Problem statement: Take the listing below and write it out again exactly, skipping any picture that it holds.

Given data:
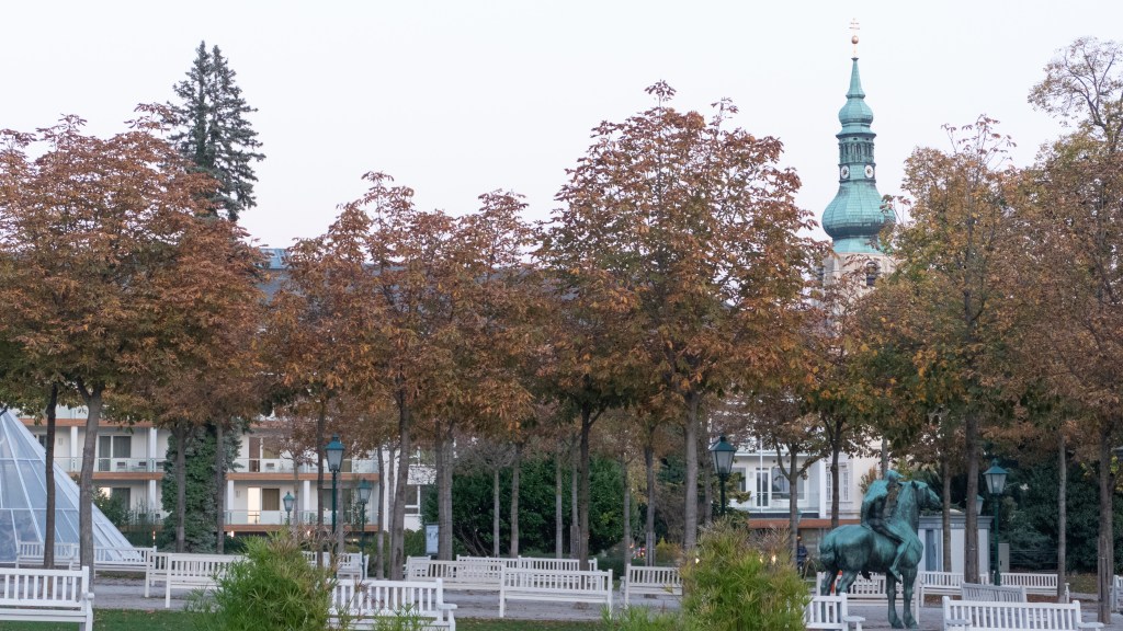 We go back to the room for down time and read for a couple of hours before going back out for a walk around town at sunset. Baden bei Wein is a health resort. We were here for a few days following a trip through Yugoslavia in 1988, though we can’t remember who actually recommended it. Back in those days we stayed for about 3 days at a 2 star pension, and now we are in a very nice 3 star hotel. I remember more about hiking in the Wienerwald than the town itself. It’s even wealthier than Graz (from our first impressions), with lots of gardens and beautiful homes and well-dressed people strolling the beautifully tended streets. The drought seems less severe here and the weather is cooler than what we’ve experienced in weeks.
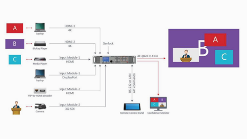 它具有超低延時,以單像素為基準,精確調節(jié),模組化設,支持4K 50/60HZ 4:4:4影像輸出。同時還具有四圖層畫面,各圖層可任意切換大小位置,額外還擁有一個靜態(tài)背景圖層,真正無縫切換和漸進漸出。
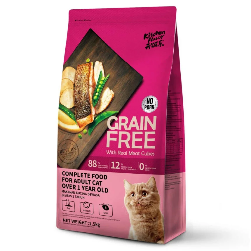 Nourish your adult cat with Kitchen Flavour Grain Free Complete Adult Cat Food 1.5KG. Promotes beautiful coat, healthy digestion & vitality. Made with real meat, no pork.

Reply:
 We go back to the room for down time and read for a couple of hours before going back out for a walk around town at sunset. Baden bei Wein is a health resort. We were here for a few days following a trip through Yugoslavia in 1988, though we can’t remember who actually recommended it. Back in those days we stayed for about 3 days at a 2 star pension, and now we are in a very nice 3 star hotel. I remember more about hiking in the Wienerwald than the town itself. It’s even wealthier than Graz (from our first impressions), with lots of gardens and beautiful homes and well-dressed people strolling the beautifully tended streets. The drought seems less severe here and the weather is cooler than what we’ve experienced in weeks.
 它具有超低延時,以單像素為基準,精確調節(jié),模組化設,支持4K 50/60HZ 4:4:4影像輸出。同時還具有四圖層畫面,各圖層可任意切換大小位置,額外還擁有一個靜態(tài)背景圖層,真正無縫切換和漸進漸出。
 Nourish your adult cat with Kitchen Flavour Grain Free Complete Adult Cat Food 1.5KG. Promotes beautiful coat, healthy digestion & vitality. Made with real meat, no pork.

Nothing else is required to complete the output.